The plans — under which the NHS has been divided into 44 areas — were drawn up in secret without input from health professionals as £22 billion is set to be slashed from the NHS budget by the end of this Parliament.

However, some local authorities have refused to endorse their area’s STPs.

Wirral Council has become the latest authority to add its name to those opposing plans which would see drastic cuts to local services.

In a a motion agreed on Monday, the council agreed “to write to the Secretary of State for Health and call on the government to withdraw these plans immediately,” demanding urgent discussions on the future of the NHS.

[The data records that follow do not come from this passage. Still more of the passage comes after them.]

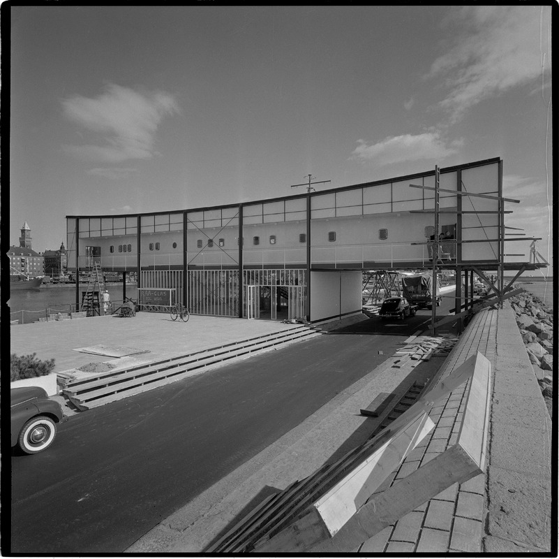 Bilden föreställer en öppen yta framför en paviljong som nästan är färdigbyggd.
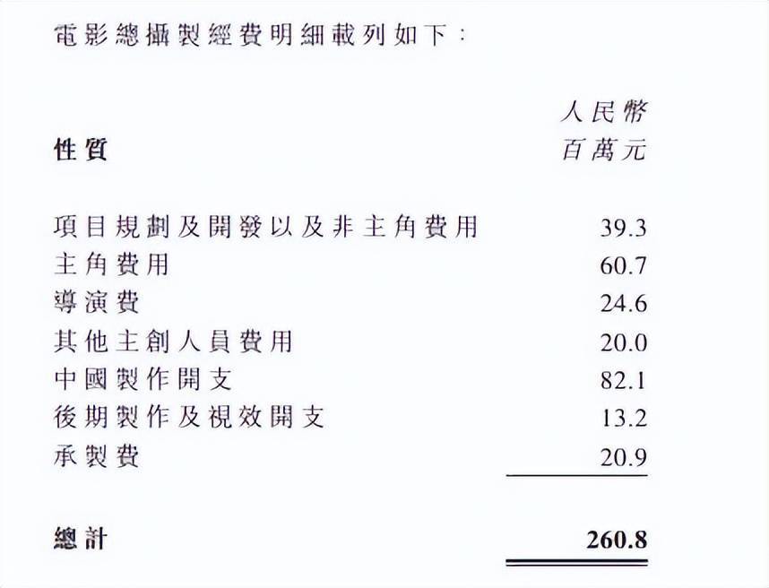 或许你觉得1.8亿制作成本高,其实已经算很良心了。对比一下,宁浩和刘德华合作的《红毯先生》,当时出品方欢喜传媒给出了白纸黑字的制作经费明细。上面清晰写着,项目规划及非主角费用3930万,主角费用(刘德华片酬)高达6000万,宁浩的导演费拿走2400多万,其他主创人员指的应该是摄影美术灯光等剧组工作人员再拿走2000万,七七八八加起来,共计2.6亿。
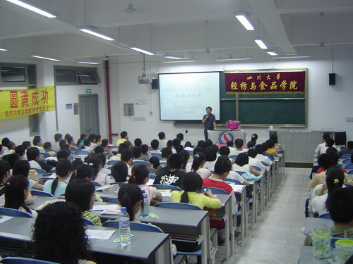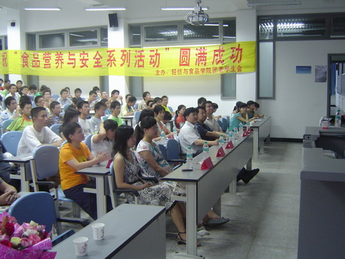 作专题讲座。当晚莅临本次讲座嘉宾还有轻纺与食品学院副院长、食品工程系系主任卢晓黎教授;轻纺与食品学院党委副书记刘晓虎老师;院团委书记祝蔚老师以及06级辅导员段飞霞老师,讲座由院团委副书记冯国涛老师主持。
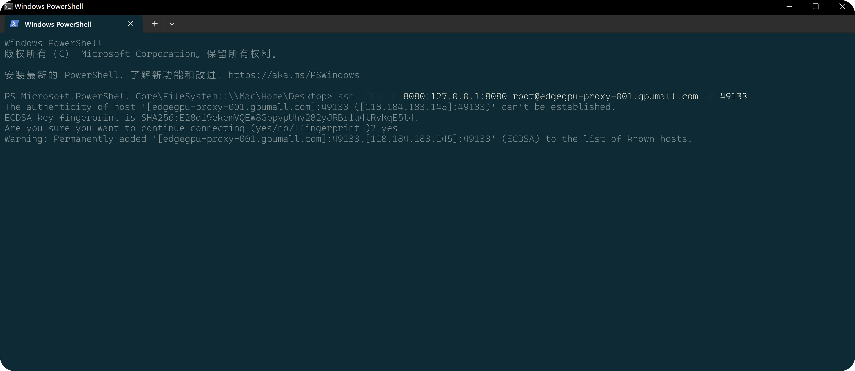 需要更换49133为您实例的ssh端口。 需要更换edgegpu-proxy-001.gpumall.com为您实例的ssh主机
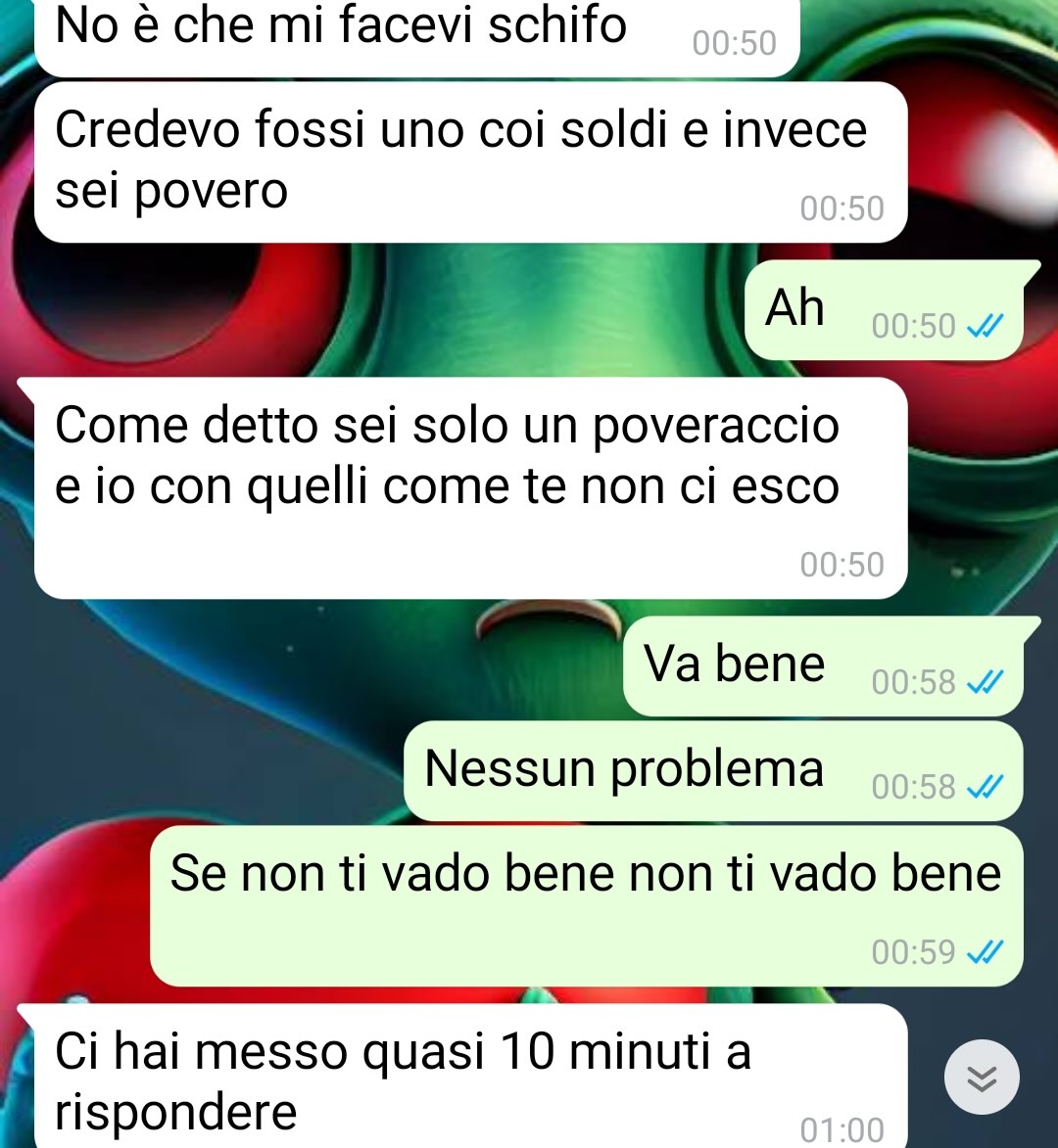 Il nostro fan ha voluto condividere un’esperienza personale che lo ha segnato profondamente, ringraziando per l’opportunità di poterne parlare. Si tratta di un episodio vissuto recentemente, legato a una conoscenza durata due mesi, che seppur breve, è stata intensa e caratterizzata da un forte feeling iniziale. Il nostro amico racconta che, a causa dei suoi numerosi impegni, avrebbe preferito che la vera natura della persona in questione fosse emersa prima.
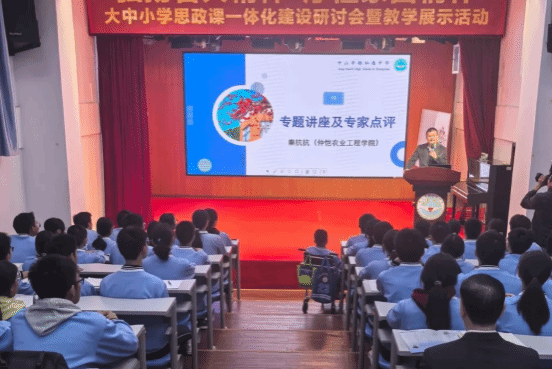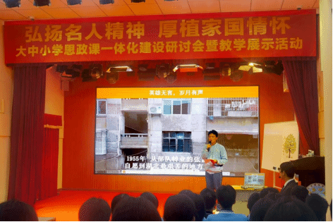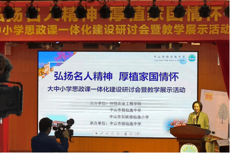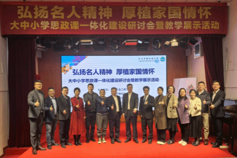 为深入贯彻落实习近平总书记在学校思想政治理论课教师座谈会上的重要讲话精神,贯彻落实中央办公厅、国务院办公厅《关于深化新时代学校思想政治理论课改革创新的若干意见》精神,依据广东省教育厅印发的《统筹推进大中小学思想政治理论课一体化建设的工作措施(试行)》《广东省教育厅关于实施大中小学思政课一体化共同体项目通知》相关要求,构建“循序渐进、螺旋上升”的大中小学思想政治教育一体化的教育体系和育人格局。12月13日,我校作为广东省大中小学思政课一体化共同体牵头单位在中山市杨仙逸中学开展了以“弘扬名人精神 厚植家国情怀”为主题的大中小学思政课一体化建设研讨会暨教学展示活动。
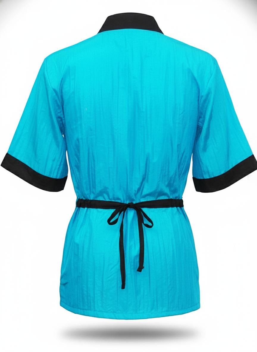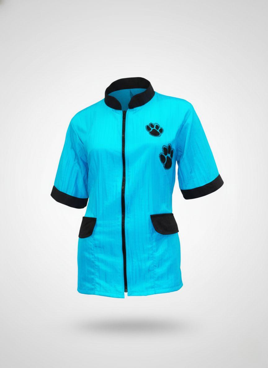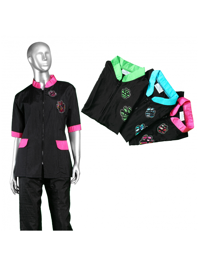 Roxy Top – S, M, L, XL, 2XL, 3XL. This short sleeve jacket comes with front zipper, two side front pockets, side vents. It has contrasting details such as collar, lower sleeves, waist ties, pocket flaps and double paw on the upper left chest which is also outlined in clear rhinestones.
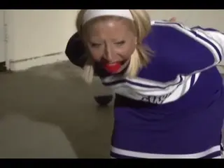 Cheerleader Maria Graca (Crystal Frost) shows up for what she thinks is going to be a layout in a popular women's sports magazine. She poses for a few glamour photos but soon is grabbed and taken into the garage where zip ties (cable ties)are used to tightly hogtie her in her uniform and sneakers. She is ball gagged and struggling.
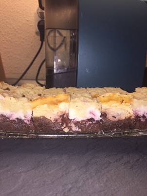 1. Aus den Zutaten für den Boden einen Knetteig bereiten und in eine rechteckige Springform geben, keinen Rand hochziehen

Protest organiser David Bailey, a nurse from Oxford, told the gathering: “This is the final battle and if we don’t defeat the government on the STPs, then the NHS is gone.

“We need to force them back, otherwise the NHS will end up as nothing more than a logo on the side of facilities run by the likes of Virgin and other private companies.”

He urged people to join the Health Campaigns Together and People’s Assembly joint national demonstration in London on March 4.

Health Campaigns Together spokesman John Lister warned that pressure on local authorities to drive through cuts was being “cranked up.”

He said: “We need to apply even greater pressure to defend local services. Once they’re gone, they’re gone.”

NHS England responded by providing a link to an article written in November which claimed the STPs represented “common-sense changes” and said that they depend “on the outcome of conversations that will take place next year with the patients, front-line staff and others in the local community.”